Inkoopplatformdrempels voor MKB bij aanbesteden
De markt voor inkoopplatforms of e-commerce groeit. Er komen meer aanbieders. Bekende namen zijn bijvoorbeeld Ariba – van SAP -, Tungsten, GHX, en TBlox. Steeds meer organisaties maken er gebruik. Maar inkoopplatforms verdelen de markt. Kleinere partijen vallen vaak buiten de boot. En hoe verhoudt zich dat bij aanbestedingen tot de bedoeling van de wetgever om de kansen voor het MKB te vergroten?
E-commerce voor de inkoper
Inkoopplatforms of e-commerce beogen in eerste instantie de bestelprocessen van inkoper te stroomlijnen en automatiseren.

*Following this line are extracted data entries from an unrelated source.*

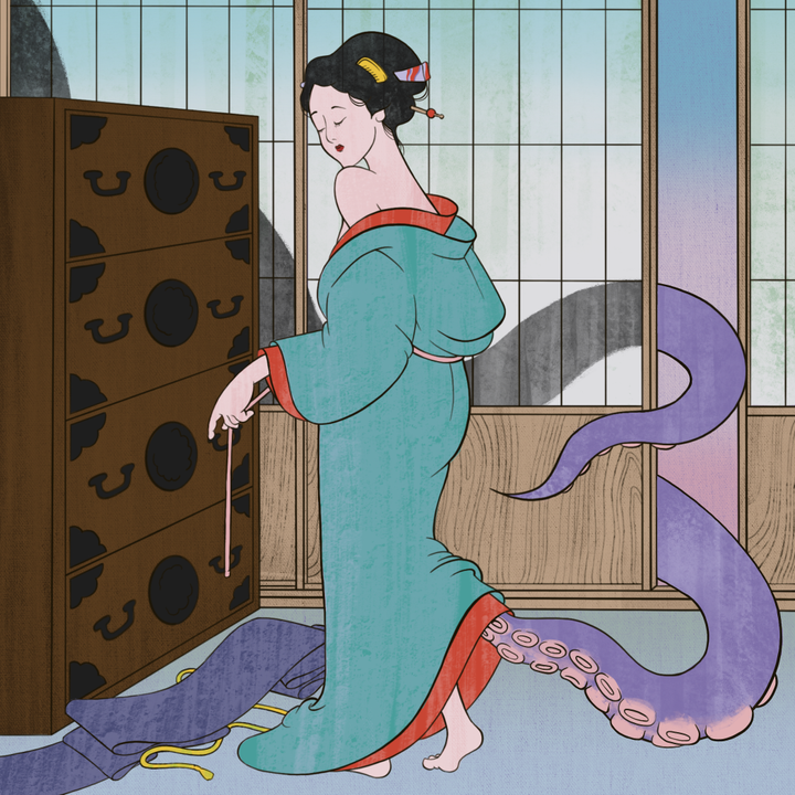 桂枝之進率いるZ世代の落語プロジェクト「Z落語」によるアパレルブランド「ZuZuZuit!」のTシャツ制作にイラストレーターとして携わりました。「春画」をテーマに、Z世代の心に刺さる色使いと浮世絵特有の平面的な画風で仕上げました。
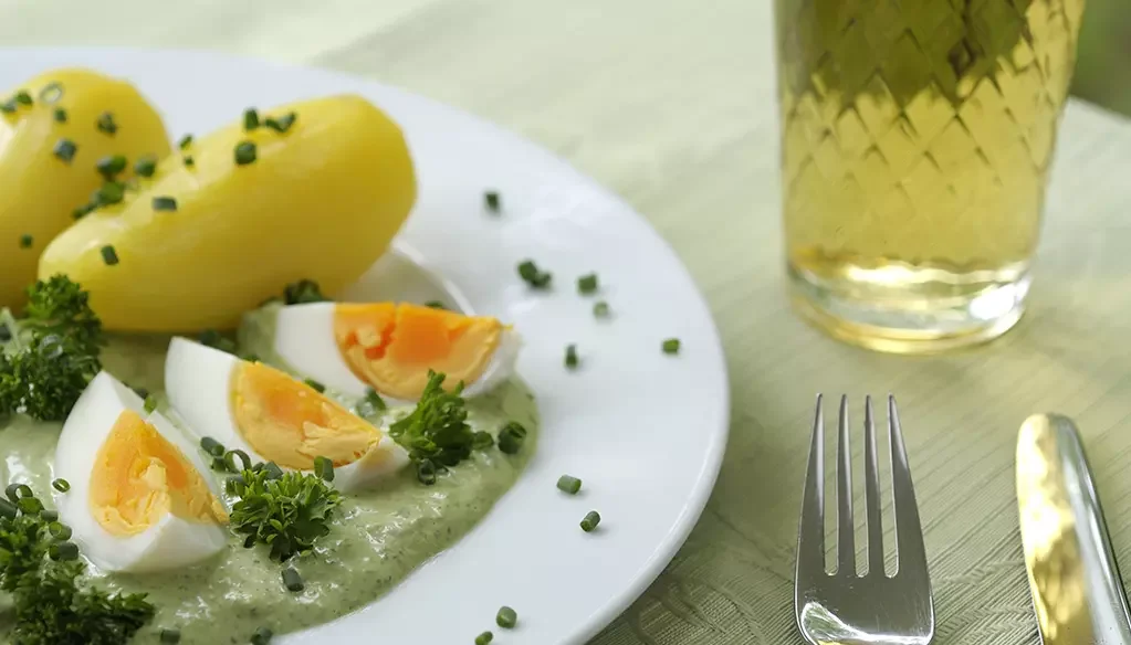 Ak sa chcete posilniť niečím skutočne lokálnym, tak to, čo poznáme ako originálne frankfurtské párky, sa tu volá Brühwurst. Podáva sa klasicky s chlebom, horčicou alebo chrenom. O niečo sýtejší je tunajší zelený prívarok s vajcom, Grüne Soße. V jeho omáčke nájdete sedem bylín - borák, trebuľku, žeruchu, petržlen, krvavec, šťaveľ a pažítku. Spláchnuť to, samozrejme, môžete jedným z početných nemeckých pív, no v Hesensku je tradičným nápojom Apfelwein, jablkový alkoholický drink, ktorý je veľmi podobný cideru.
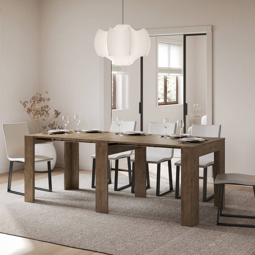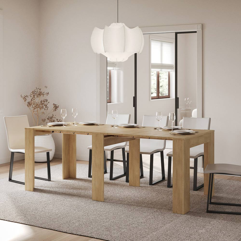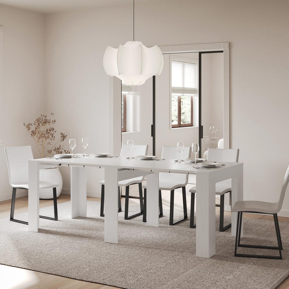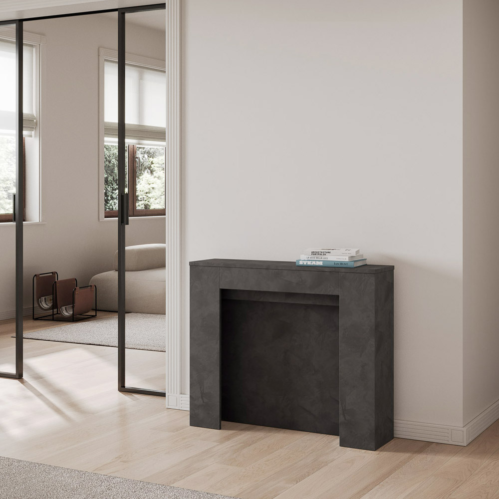 Această masă consolă extensibilă è întruchiparea designului funcțional și minimalist. Forma sa elegantă și liniile curate o fac o piesă versatilă de mobilier, ideală pentru orice spațiu, de la intrare până la sufragerie, oferind o imagine de spațiu și ordine. Masa consolă se extinde cu ușurință, transformându-se dintr-o piesă discretă de mobilier într-o masă practică, perfectă pentru a găzdui prietenii și familia la ocazii speciale. Această versatilitate o face o alegere ideală pentru cei care locuiesc în spații mici, dar nu doresc să sacrifice funcționalitatea și stilul.
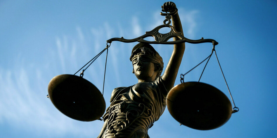 (IMG) Bild: Hat das Sylt-Video nicht gesehen: Eine Statue der Justitia hält eine Waage in der Hand
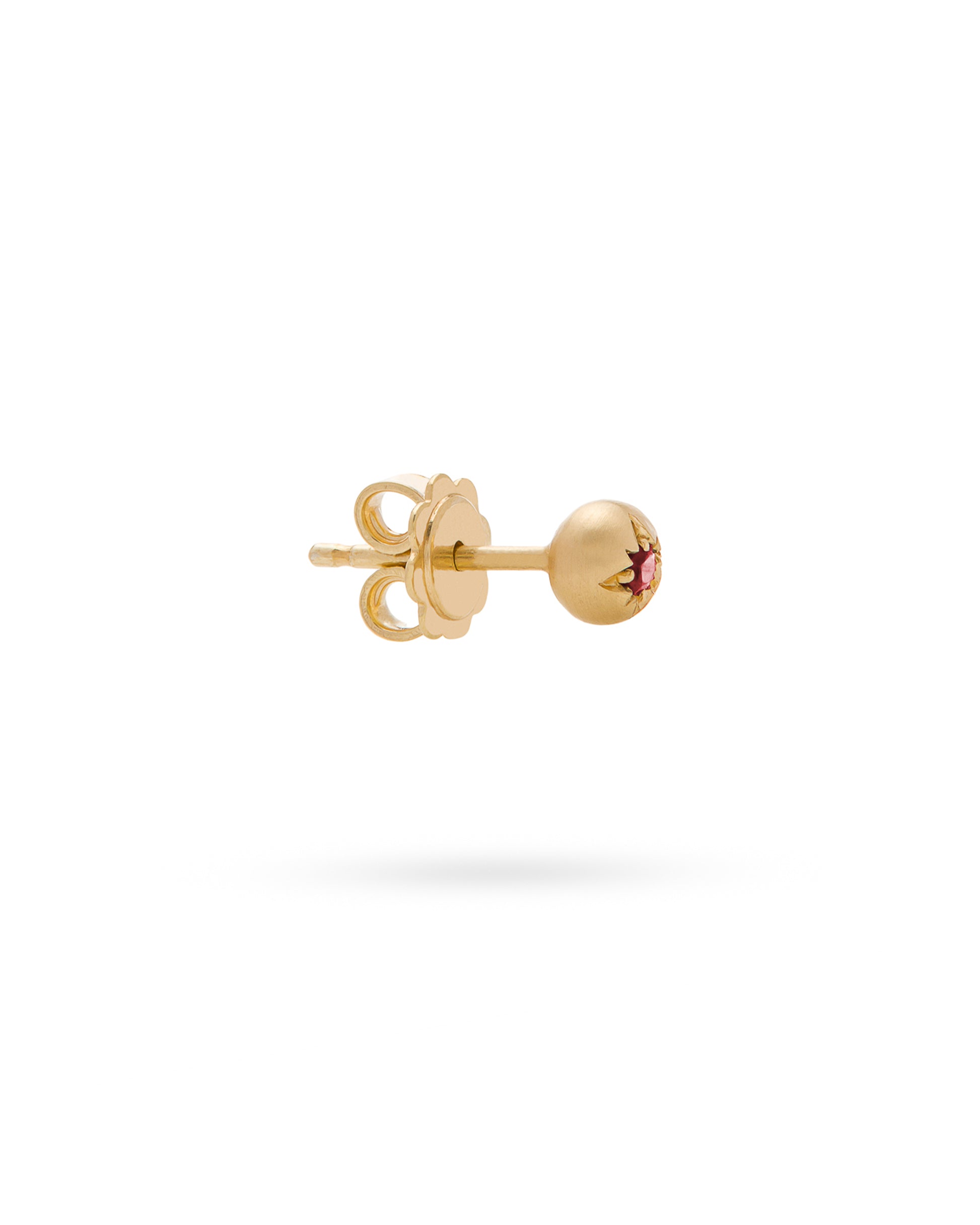 Moon Earrings with Natural Ruby of 0.08 ct. Round shape boule design with hand-engraved star. A style that reinterprets the classic baby studs with a sweet and cool twist to cherish forever. 100% Handmade in Italy.
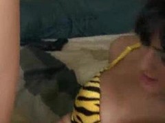 Lusty t-girls with big tits suck and fuck each others cocks
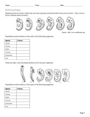 Label the following missing parts of the egg: Embryology is the biology branch that focuses on the prenatal development of gametes, fertilization, and embryos and. Students must employ lower, mid and higher order thinking. Web proof of evolution embryology worksheet solutions. Embryos grow and develop in a series of stages. Web key points embryos are unborn or unhatched organisms early in the course of development. These worksheets have been designed as short teaching exercises that can be downloaded and printed (pdf version) or modified by the teacher. Web at this station, students will answer questions about key terms and ideas relating to comparative embryology. Web teach comparative embryology with this ease to use and check worksheet. Human embryo development stages answer key. Put a ruler or use piece of paper to.
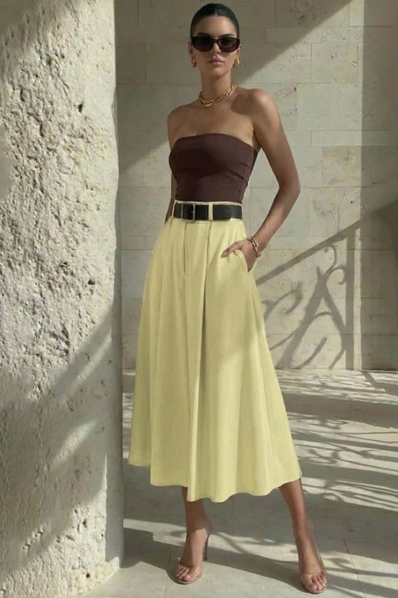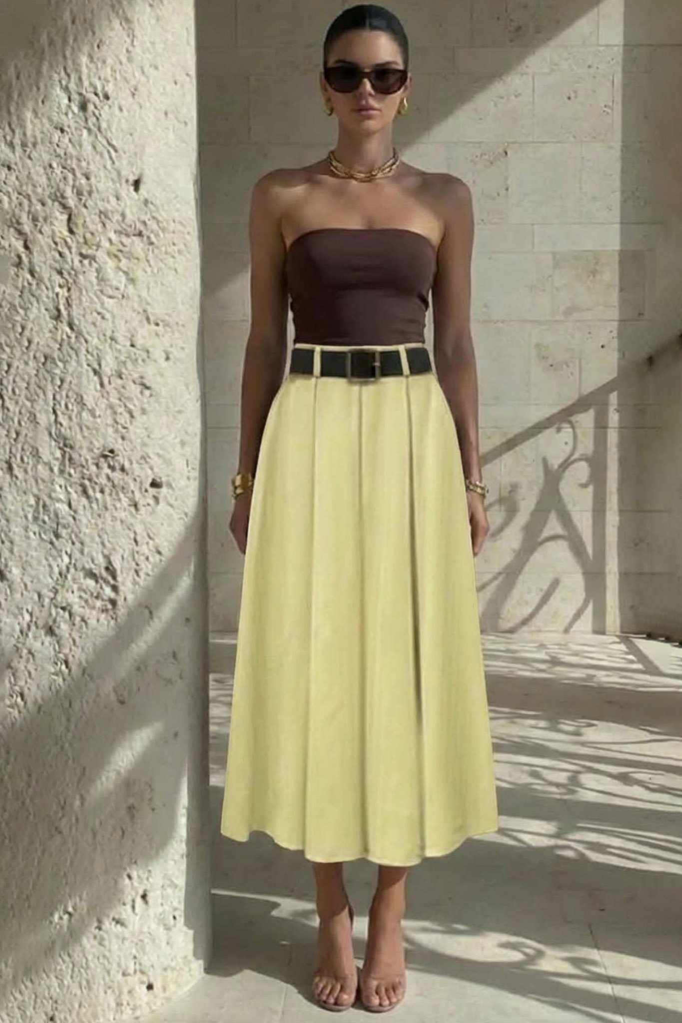 Emilieμάξι φούστα με πιέτες κίτρινο
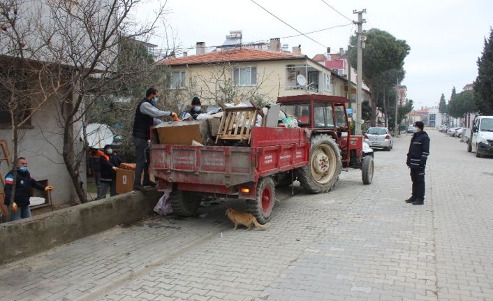 Balıkesir’in Burhaniye Belediyesi Hacı Ahmet Mahallesi’nde bulunan apartmanın bahçesinden iki traktör çöp temizledi.
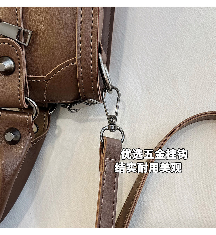 국경 간 가방 여성의 2024 새로운 오토바이 가방 빈티지 리벳 베개 가방 트렌드 휴대용 질감 어깨 메신저 가방
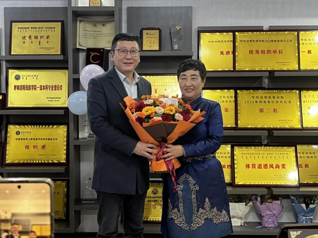 随后,学院党总支书记苏伦高娃、院长额尔敦毕力格为白塔娜教授颁发纪念奖章,表达对白塔娜教授的崇高敬意和诚挚祝福。
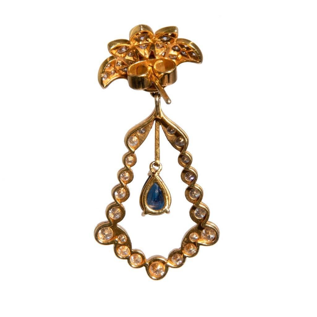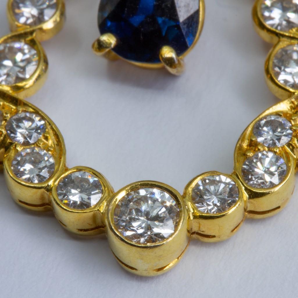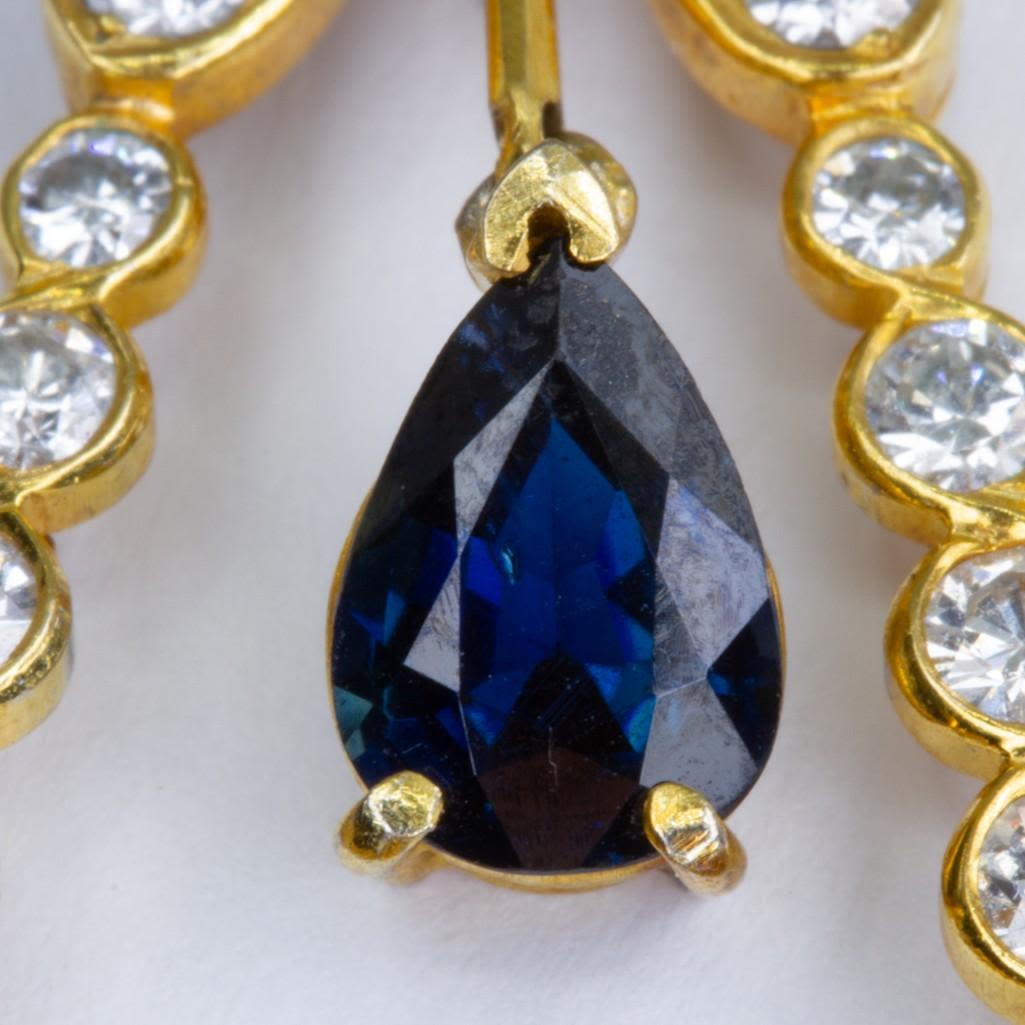 Yellow Gold, Sapphire and Diamond pair of earrings containing two pear shape mixed cut sapphires measuring approximately 7.00 x 5.20 x 3.10 mm, two round sapphires and 90 round brilliant cut diamonds weighing approximately 4.95 carats total. Total weight 7.5dwt. This lot is accompanied by a GIA appraiser letter from an independent and well respected firm established over 75 years ago.

Er komen elektronische catalogi met producten die medewerkers via het interne netwerk kunnen bestellen met een enkele druk op de knop. Geen bestelbonnetjes, geen e-mailtjes meer. De bestellingen worden automatisch doorgestuurd naar de verkopende partij, de bestelstatus is steeds oproepbaar, net als allerlei leuke grafi ekjes voor management om lekker ‘in control’ te kunnen zijn. Vooral voor grote organisaties bespaart dit veel menskracht en geld.
E-commerce voor de verkoper
De verkopende partij dient op de e-commerce systemen aan te sluiten, wil men zaken kunnen blijven doen. Met bijvoorbeeld Baan, SAP of Oracle is daar goed een mouw aan te passen. Die verwerken de elektronische bestellingen automatisch. De pickorderlijst gaat naar de magazijnrobots, de pakketjes worden automatisch gelabeld, de facturen en zelfs de betalingen worden via het systeem verwerkt. De bulk van de opdrachten kan op deze manier geheel automatisch verwerkt worden.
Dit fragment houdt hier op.